Often, we joke together as managers of companies or of people that our goal is “world domination” or “to crush the competition.” But no matter how stated, the primary goal of an enterprise is to make money.
The three measures of progress
How do you measure progress toward such an undefined goal? We measure it by profit orrevenue in dollars. But that is a number in a vacuum without at least two other measures: return on investment (ROI) and percentage of net profit to revenue.
Comparing ourselves to the giants
Microsoft, Google, Amazon and other great firms generate billions of revenues and profits and even have a high ROI and high net profit percentage. But some of our own small businesses have even higher percentages of return on investment and percentage of net to gross. So, the amount of money made is a number in a vacuum without the rest of the tools to tell the story.
How about companies formed to profit and give to charity?
Many entrepreneurs begin their venture with the lofty goal that some portion of their eventual profits will be given to a sponsored foundation or directly to charity. Some form “B” corporations to codify their vision into the articles of incorporation. This certainly seems a satisfactory way to “do well by doing good” or serving the needs of others.

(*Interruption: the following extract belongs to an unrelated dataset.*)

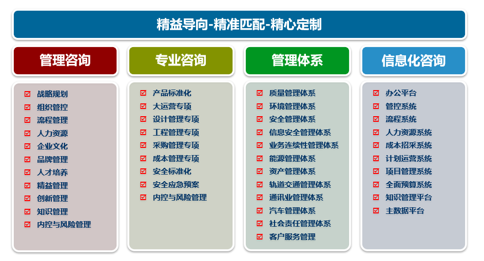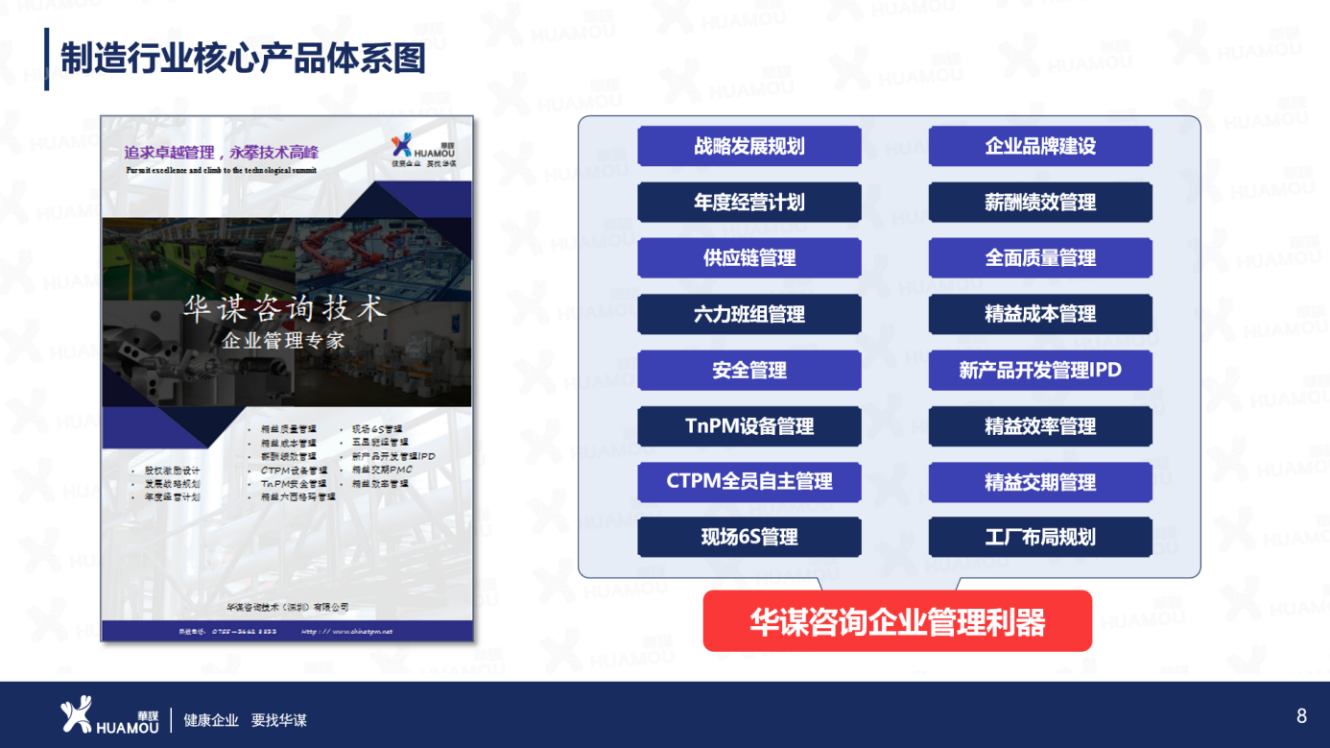 华谋咨询为客户提供管理咨询+信息一体化的专业服务,拥有原创的管理理论体系及经过数千家企业实践提炼的管理技术,形成十大咨询方向:基础管理增值系列、生产增值系列、供应增值系列、营销增值系列、人资增值系列、财务增值系列、研发增值系列、运营增值系列、战略增值系列、其他增值系列。华谋咨询股份服务领域涵盖全部十大行业:采矿与冶金行业、化工与原料行业、食品与包装行业、家居与休闲行业、电子与电器行业、机械与设备行业、交通与运输设备行业、能源与建筑行业、传统服务业、现代服务业;以研究非自然生命体发展周期的十个阶段为对象,为非自然生命体可持续健康发展、提供全方位一体化第三方技术服务。

Investors often have a problem with this though and are put off by the altruistic split of profit and attention by those founders.
And who do we serve with our profits?
[Email readers, continue here…] It is common and certainly appropriate to tell the world that our profits and success serves not just our shareholders but our stakeholders, which include employees, suppliers and customers in that mix. A strong, secure company pays its bills on time, follows through on promises to its customers, and pays its employees a fair base and incentive compensation. Companies living on the edge or losing money often cannot make those vital promises, affecting its reputation, security and equity value.
An easy response to “world domination”
The next time someone tells you that their goal is world domination, you might politely smile and remind them that a more modest goal might better serve the stakeholders over time and that it might be a bit easier to accomplish.
While ultimately revenues and profits are the goals of an on-going business (and scaling by size or assets makes complete sense), in the short and mid-term some start-ups are clearly designed to convince potential buyers that the business has high potential for revenues and profits (even at the cost of many years of losses and/or low revenues). Some (maybe, many?) start-ups are targeted to a successful sale or IPO rather than immediate profitability — we have seen high valuations for companies with negative profits.